I have a pandas dataframe with a structure following this moke-up:
import numpy as np
import pandas as pd
import pprint as pp
np.random.seed(0)
times = np.linspace(0, 3.0, num=5)
positions = np.linspace(0, 0.1, num=8)
fields = ["g", "h"]
columns = pd.MultiIndex.from_product([times, fields], names=["time", "field"])
index = pd.Index(positions, name="position")
data = np.random.randn(len(positions), len(times)*len(fields))

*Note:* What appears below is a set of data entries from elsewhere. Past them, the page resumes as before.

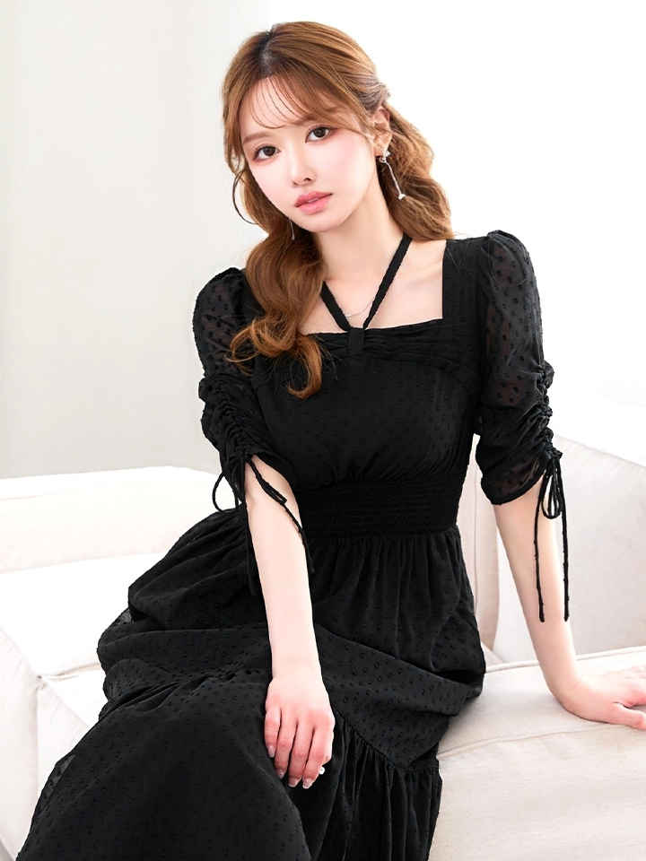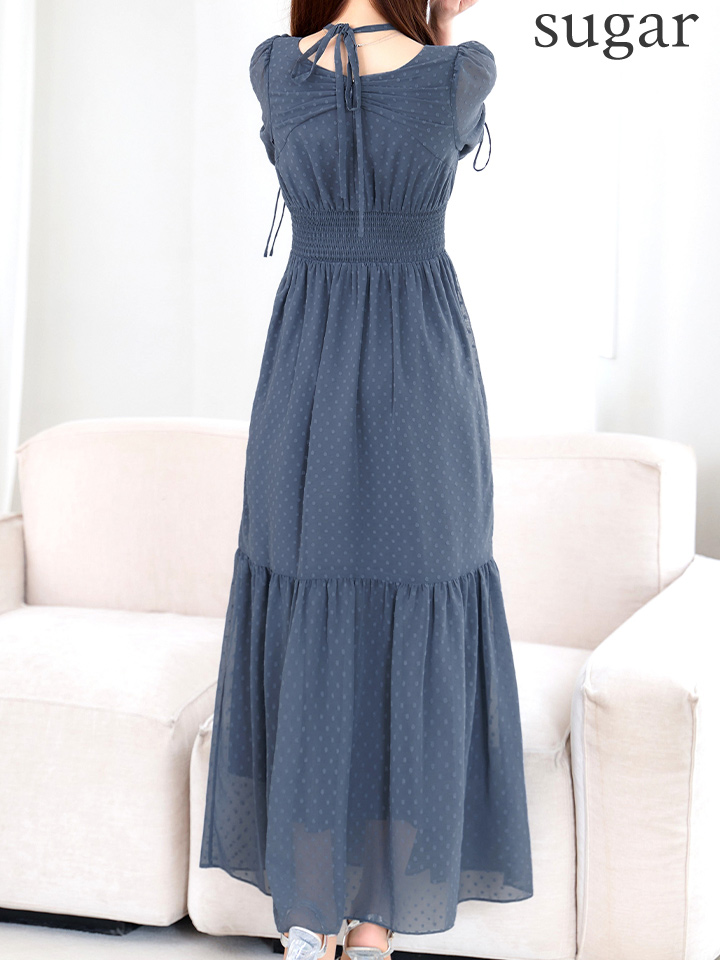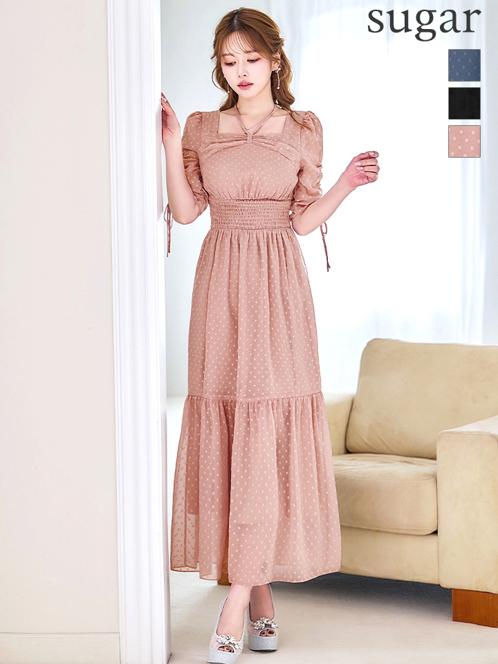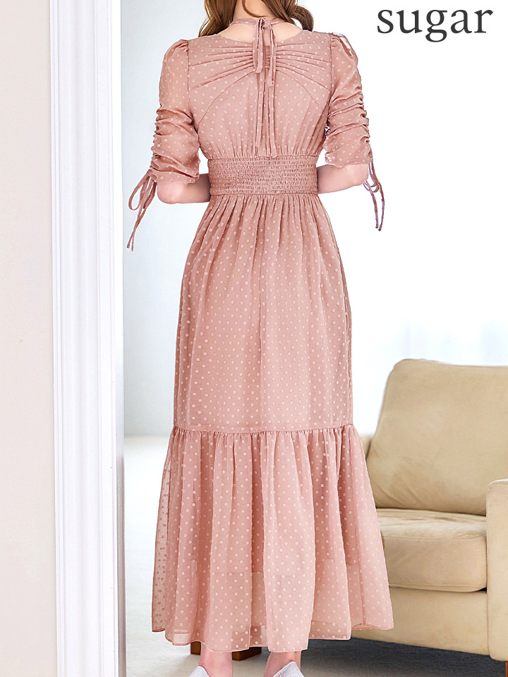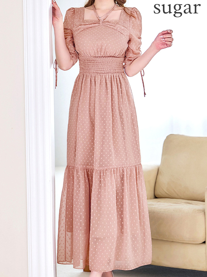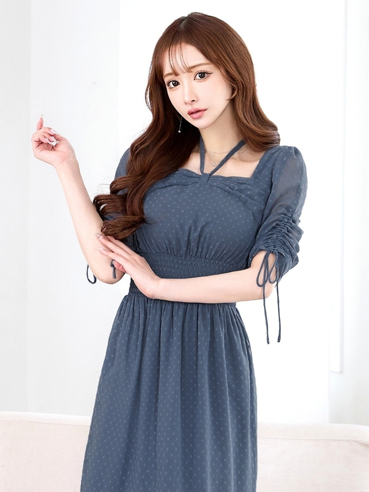 さりげないドットデザインが可憐な印象を与えるミディアムドレス♡
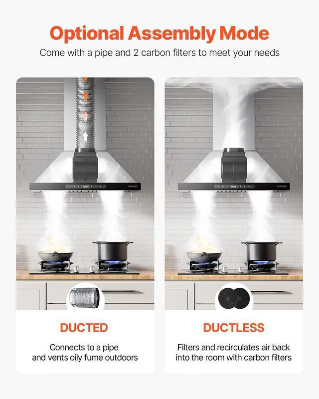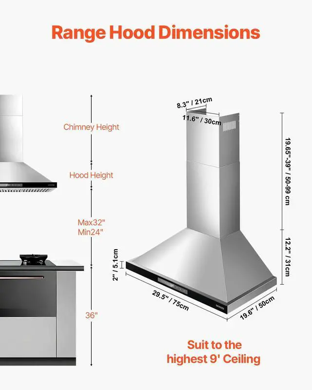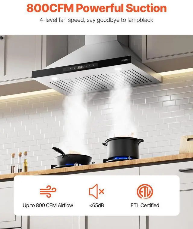 VEVOR 30" Wall Mount Range Hood Ceiling Mount Vent 800CFM Gesture & Touch Control
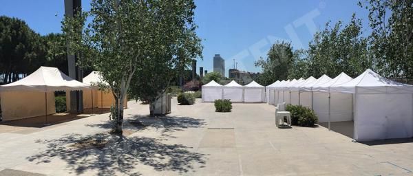Las carpas Mastertent son ideales para este tipo de muestras, ya que funcionan a la perfección como estand o tienda al aire libre. Al poder juntar entre si todas las carpas que se desee y la posibilidad de colocar paredes intermedias para separarlas, se puede crear un pasillo con las carpas, creando que la gente paseen entre ellas para poder disfrutar de lo que lo comerciantes ofrecen.
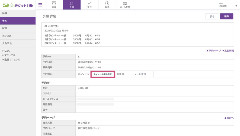 「予約状況」の項目に表示されている「キャンセル手動復元」ボタンをクリックします。
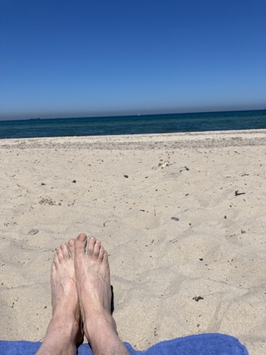 13.42 Uhr – Ich habe fast drei Stunden am Strand gelegen, Ulla Hahn gelesen, meditiert, gedöst.
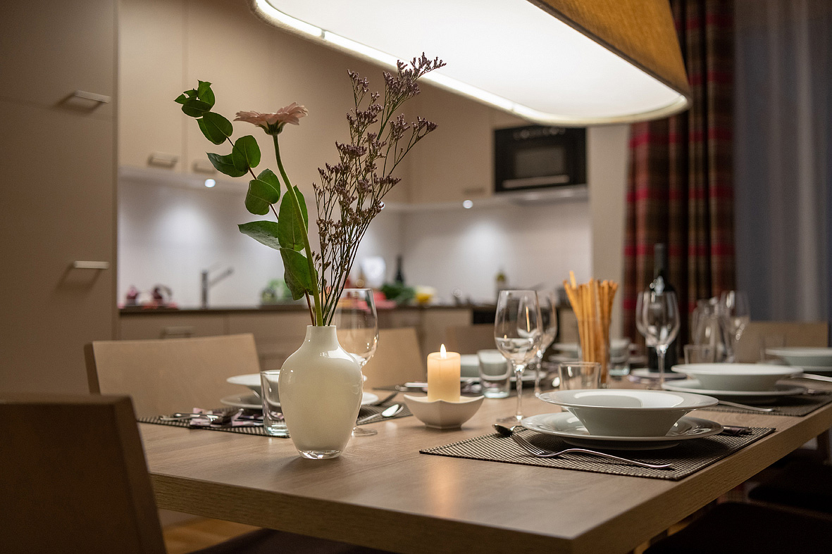 45 m² - 1 ložnice s manželskou postelí, obývací pokoj s kuchyňským koutem a rozkládacím gaučem pro 2 osoby, sociální zařízení, balkon či terasa
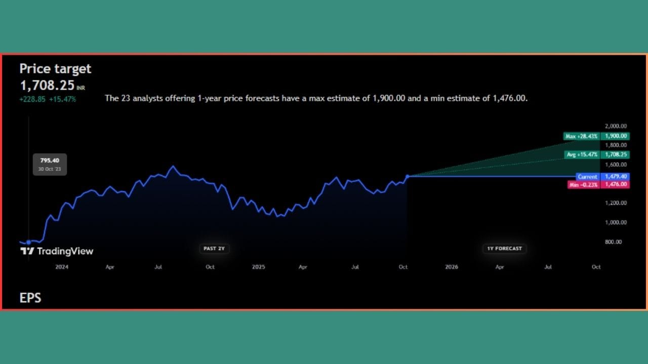 ભવિષ્યમાં એટલે કે આવનારા 1 વર્ષમાં આ સ્ટોક +24.44% વધીને ₹3240 પર પહોંચી શકે છે અને જો ઘટાડો આવશે તો, આ જ શેર -24.49% ઘટીને ₹1966 ની નીચી સપાટીએ આવી શકે છે. ટૂંકમાં જોઈએ તો, આ શેર એક વર્ષમાં ₹2761.60 ની આસપાસ જોવા મળશે, તેવો અનુમાન નિષ્ણાતો લગાવી રહ્યા છે.
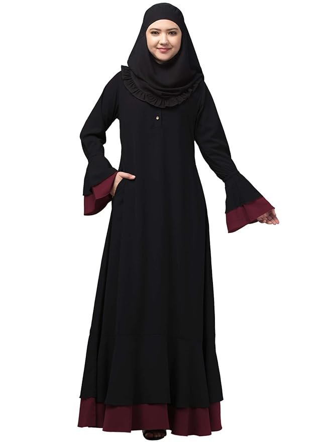 Women’s Maxi Dress With Bell Sleeves and Elasticated Sleeves – Made with Nida Matte Fabric(Black Maroon)
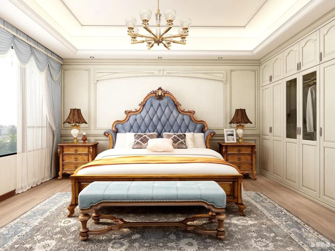 03主臥主臥設(shè)計(jì)運(yùn)用現(xiàn)代的設(shè)計(jì)手法和材質(zhì)還原了古典氣質(zhì),以干練的線條傳達(dá)著溫馨的臥房。蜿蜒的波紋曲線,細(xì)膩精致的雕花,猶如隨風(fēng)起伏的浪花,在清澈藍(lán)的床屏上跳躍,向靜態(tài)空間展示著活躍的動態(tài)效果。曲直線條完美融合,打造一個靈動而又精致的生活空間。
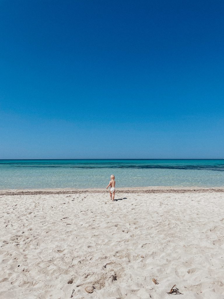 Wypoczęte dziecko postanowiliśmy trochę zmęczyć na kolejnej plaży- Platja de Canjamel… Wiem, wiem… nudy, ciągle tylko te plaże i mały dzieć, ale cóż tak wygląda wakacyjna rzeczywistość z młodym człowiekiem. Jego radość na widok wody i podekscytowanie wywołane przez piasek przesypujący się przez palce są niesamowite. Zachwycam się nad tym ile radości dają mu prozaiczne rzeczy i staram się tego od niego uczyć, a jak wiadomo najlepsza nauka to nauka przez zabawę, najlepiej na plaży?

df = pd.DataFrame(data, columns=columns, index=index)
print(df)
Which would look like:
time 0.00 0.75 1.50 2.25 3.00
field g h g h g h g h g h
position
0.000000 1.764052 0.400157 0.978738 2.240893 1.867558 -0.977278 0.950088 -0.151357 -0.103219 0.410599
0.014286 0.144044 1.454274 0.761038 0.121675 0.443863 0.333674 1.494079 -0.205158 0.313068 -0.854096
0.028571 -2.552990 0.653619 0.864436 -0.742165 2.269755 -1.454366 0.045759 -0.187184 1.532779 1.469359
0.042857 0.154947 0.378163 -0.887786 -1.980796 -0.347912 0.156349 1.230291 1.202380 -0.387327 -0.302303
0.057143 -1.048553 -1.420018 -1.706270 1.950775 -0.509652 -0.438074 -1.252795 0.777490 -1.613898 -0.212740
0.071429 -0.895467 0.386902 -0.510805 -1.180632 -0.028182 0.428332 0.066517 0.302472 -0.634322 -0.362741
0.085714 -0.672460 -0.359553 -0.813146 -1.726283 0.177426 -0.401781 -1.630198 0.462782 -0.907298 0.051945
0.100000 0.729091 0.128983 1.139401 -1.234826 0.402342 -0.684810 -0.870797 -0.578850 -0.311553 0.056165
The idea being that I have a MultiIndex for the columns: on a first level I have a list of "times" and for each "time" I have multiple "fields".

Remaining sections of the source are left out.